Early maturing spring wheat cultivars change from the vegetative to the reproductive phase after seven to eight leaves have been initiated on the main shoot. However, many commercial wheat cultivars have a vernalization (growth at low temperature – see Chapter 7 ) or photoperiod (growth under long day length) requirement that extends the vegetative period allowing for the production of more main shoot leaves and a larger number of tillers. An extended vegetative period due to a vernalization requirement is the main reason why more heat units are needed to produce a winter than a spring wheat crop.
The nodes from which leaves develop are telescoped at the crown during the tillering stage. Once jointing starts, the internode region elongates, moving the nodes and the growing point upward from the crown to produce a long stiff stem that will carry the head. Appearance of the first node (Zadoks stage 31) can usually be detected without dissecting the plant by pressing the base of the main (largest) stem between your fingers.
Each successive tiller on a wheat plant normally has one less leaf than its predecessor. This synchronizes the start of the stem elongation stages of the main stem and tillers.
Synchronization of growth and development at this stage ensures there will be no more than a few days difference in the maturity of all heads on the plant.
Spikelet development on the microscopic head is usually completed by the time the first node is 0.4 inches (1 cm) above the soil surface. The terminal spikelet is produced at about Zadoks stage 31. A rapid loss of younger, poorly developed tillers also normally starts at this stage.
The stem elongation or jointing stage comes to an end with the appearance of the last (flag) leaf.

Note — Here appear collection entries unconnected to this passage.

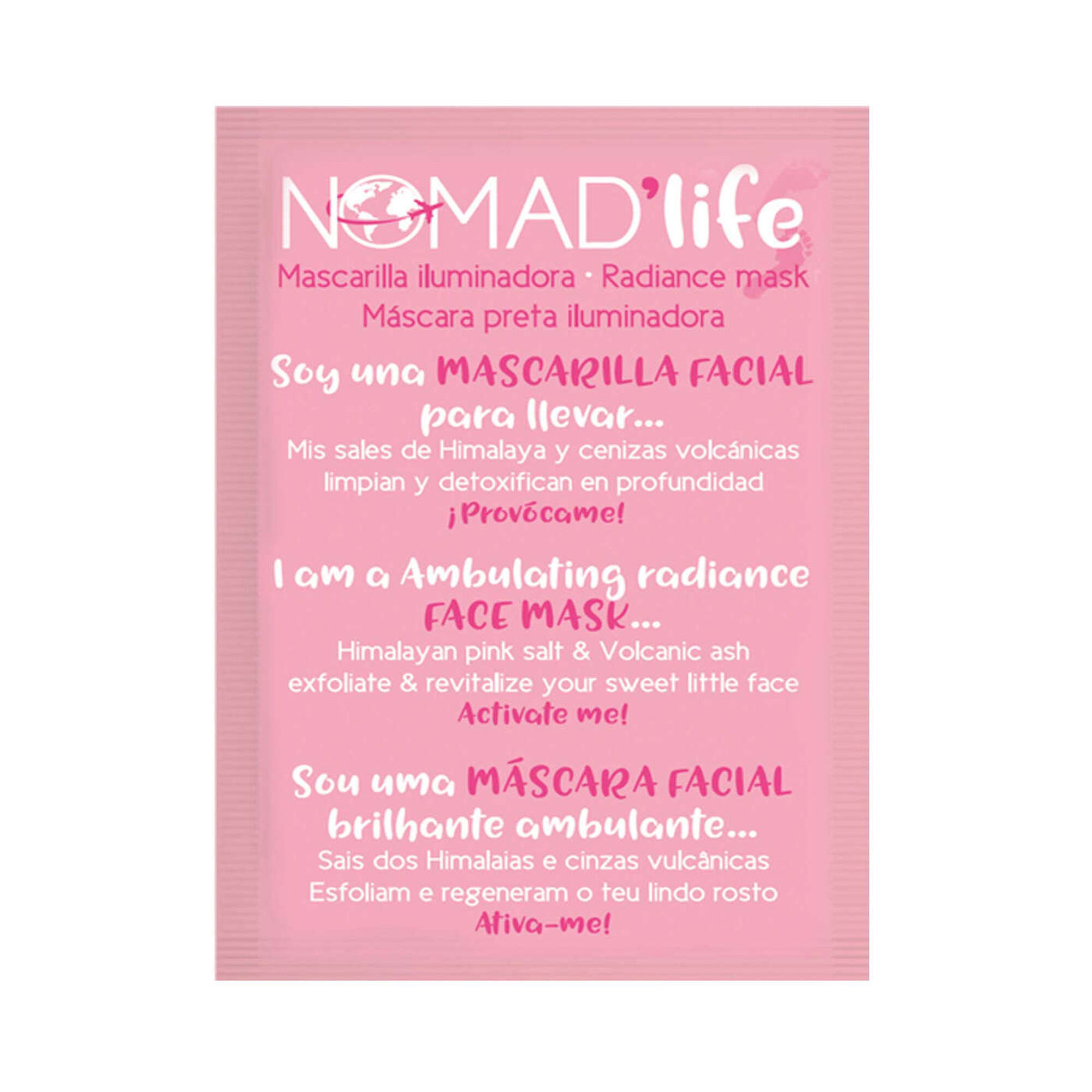 Ilumine a sua tez instantaneamente, dê um toque especial e desperte o seu rosto com esta máscara de brilho Nomad'life. As Cinzas Vulcânicas e o Sal dos Himalaias deslizam sobre a pele suavemente, deixando-a hidratada.
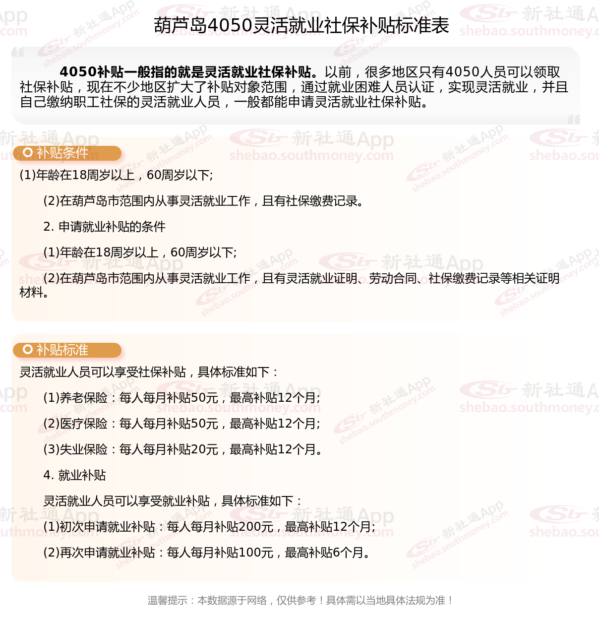 一、2025年葫芦岛灵活就业4050社保补贴标准及条件是什么
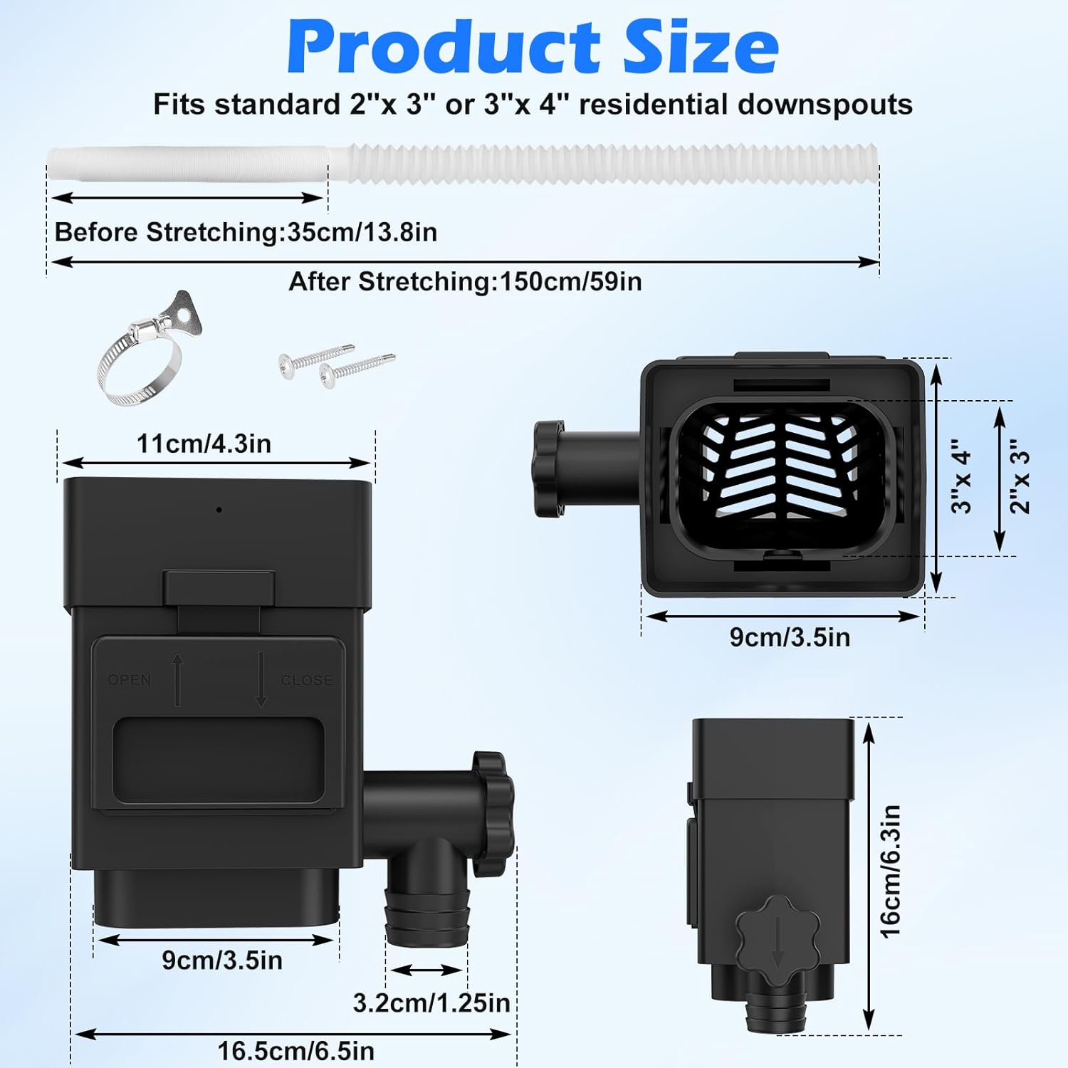 • Compatibility: Fits standard 2"x 3" or 3"x 4" residential downspouts. Please install the rain water catching system 18 inches above the rain barrel.

The developing head within the sheath of the flag leaf becomes visibly enlarged during the booting stage. The booting stage ends when the first awns emerge from the flag leaf sheath and the head starts to force the sheath open.
The heading stage extends from the time of emergence of the tip of the head from the flag leaf sheath to when the head has completely emerged but has not yet started to flower.

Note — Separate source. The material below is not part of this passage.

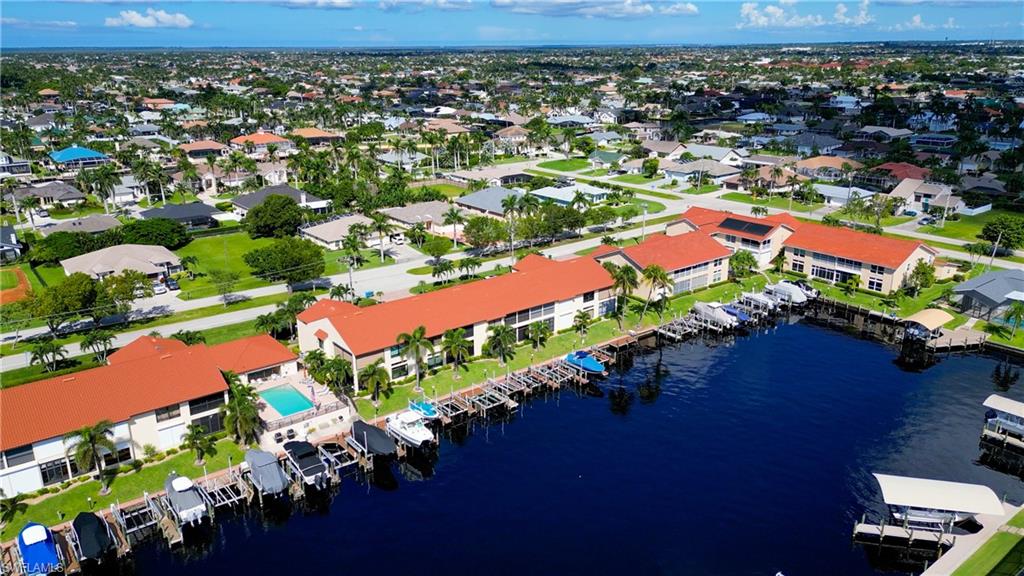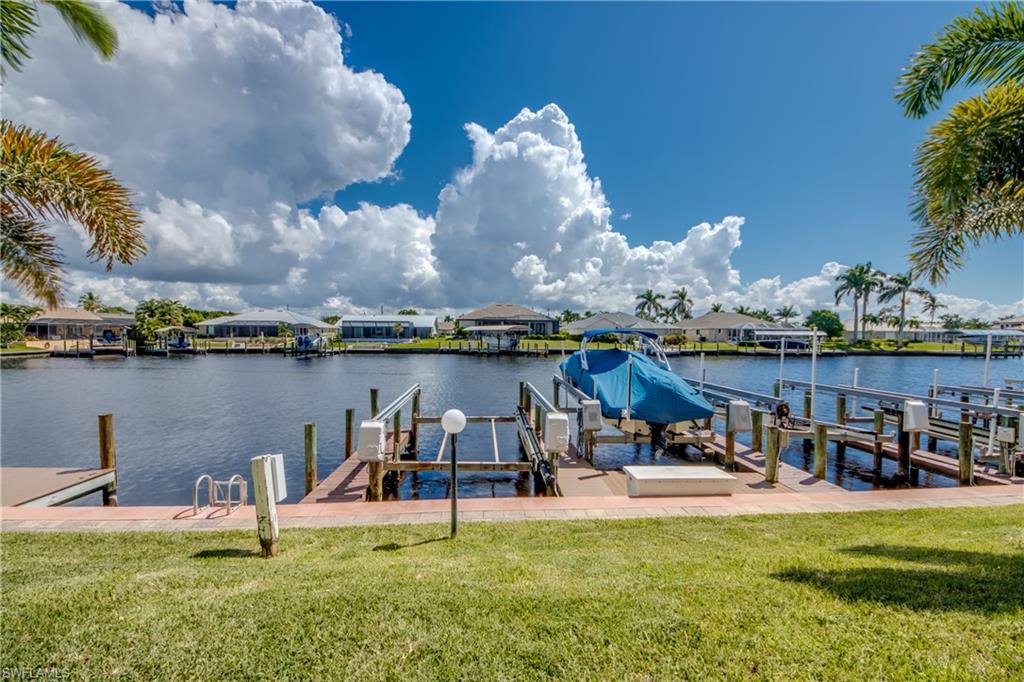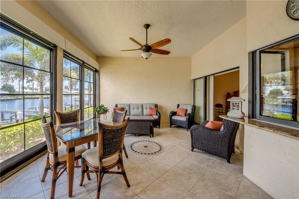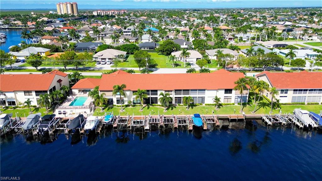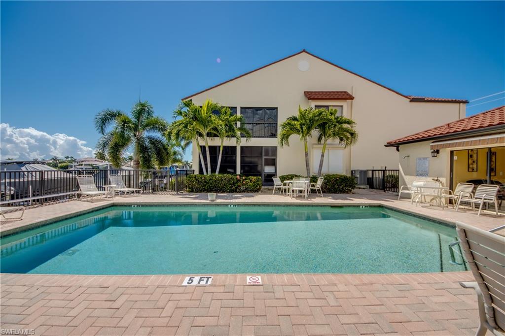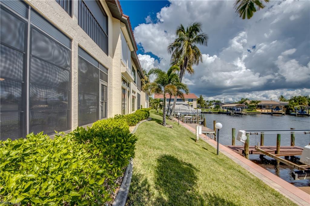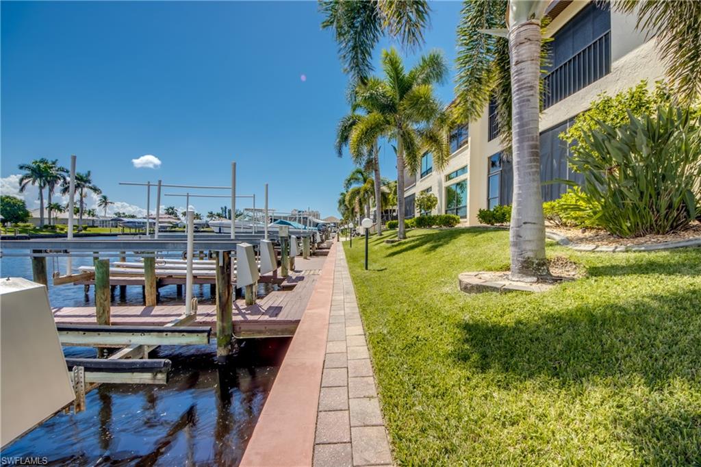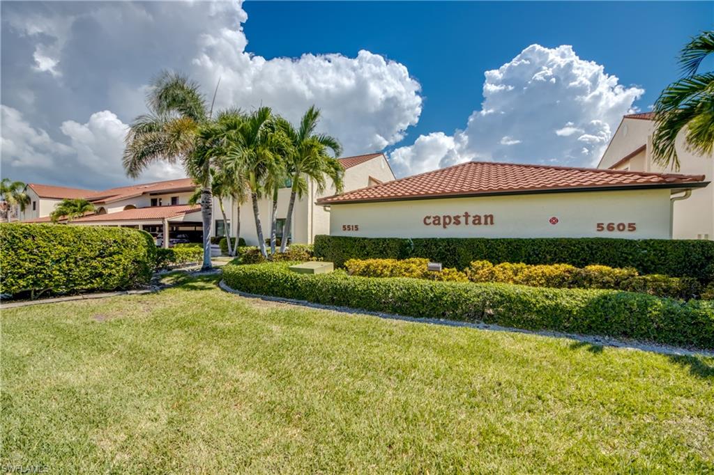 From dawn to dusk, THIS WATERFRONT living carries a TIMELESS CALMu2014mornings begin with sunrises and coffee on the lanai, afternoons drift by with a book you canu2019t put down, and evenings bring a cocktail before a leisurely cruise to dinner by boat. Life at Capstan Condos is all about the waterfront lifestyle on a stunning 200u2019 WIDE CANAL. Open the door to this spacious two-bedroom, two-bath retreat with covered parking and youu2019ll immediately notice what sets it apart. Soaring VOLUME CEILINGS and oversized windows flood the home with golden light, creating an airy, welcoming atmosphere that feels both grand and inviting. This isnu2019t your typical condou2014it was BUILT AHEADS OF ITS TIME, with a UNIQUE DESIGN that makes the kitchen the heart of the home while still giving privacy to both the guest suite and the master retreat. The kitchen is tastefully designed with 36u201d wood cabinets accented by glass doors, crown and rope molding, soft close pull out drawers, granite counters, backsplash and pantry. Entertain with ease as the pass-through opens to the lanai, so you never miss the conversationu2014or the view. The greatroom flows effortlessly to the oversized lanai, where pocketing sliders dissolve the boundary between indoors and out. The master suite is a peaceful retreat on the water, complete with walk-in closet and a spacious bath featuring dual granite vanities with soft-close features. Guests enjoy their own private space on the opposite side of the home, ensuring comfort and privacy. This condo comes with its own ASSIGNED BOAT DOCK AND 6K LB LIFT (and new dock boards) perched on the 200u2019 wide Bronco Canal just around the corner from TARPON POINT and CAPE HARBOR. With only one bridge out, youu2019ll be enjoying the Gulf of America in no time at all. Imagine days spent cruising to Sanibel and Captiva, stopping for lunch at waterfront restaurants, fishing off your dock or simply enjoying the sight of dolphins and manatee playing in your backyard. Dinner by boat isnu2019t just possibleu2014itu2019s YOUR NEW NORMAL. Peace of mind comes standard here!. The building has a BRAND-NEW ROOF, storm-ready doors and windows with a mix of ELECTRIC AND MANUAL ROLL DOWN SHUTTERS. NO water intrusion with any storm. Flood insurance wonu2019t keep you up at night, with a TRANSFERABLE POLICY at just $734/year (subject to insurance co. approval). Capstan is a 55+ community known for its BEAUTIFULLY MAINTAINED GROUNDS AND WELCOMING ATMOSPHERE. Residents enjoy a heated saltwater pool, clubhouse, BBQ area, fish cleaning station, exterior storage, covered carports and pavered parking lot. Tucked among million-dollar waterfront homes, the location is as desirable as it is convenientu2014close to shopping, dining, marinas and just minutes out to the Caloosahatchee River & beyond. This isnu2019t just a condo, itu2019s your well-earned escapeu2014sun-drenched mornings, barefoot boating afternoons and evenings where neighbors become friends and every sunrise feels like a celebration. SUNRISE TO SUNSET, PURE PARADISE!

The flowering or anthesis stage lasts from the beginning to the end of the flowering period. Pollination and fertilization occur during this period. All heads of a properly synchronized wheat plant flower within a few days and the embryo and endosperm begin to form immediately after fertilization.
Early kernel formation occurs during the milk stage. The developing endosperm starts as a milky fluid that increases in solids as the milk stage progresses. Kernel size increases rapidly during this stage.
Kernel formation is completed during the dough development stage. The kernel accumulates most of its dry weight during dough development. The transport of nutrients from the leaves, stems, and spike to the developing seed is completed by the end of the hard dough stage. The developing kernel is physiologically mature at the hard dough stage even though it still contains approximately 30 percent water.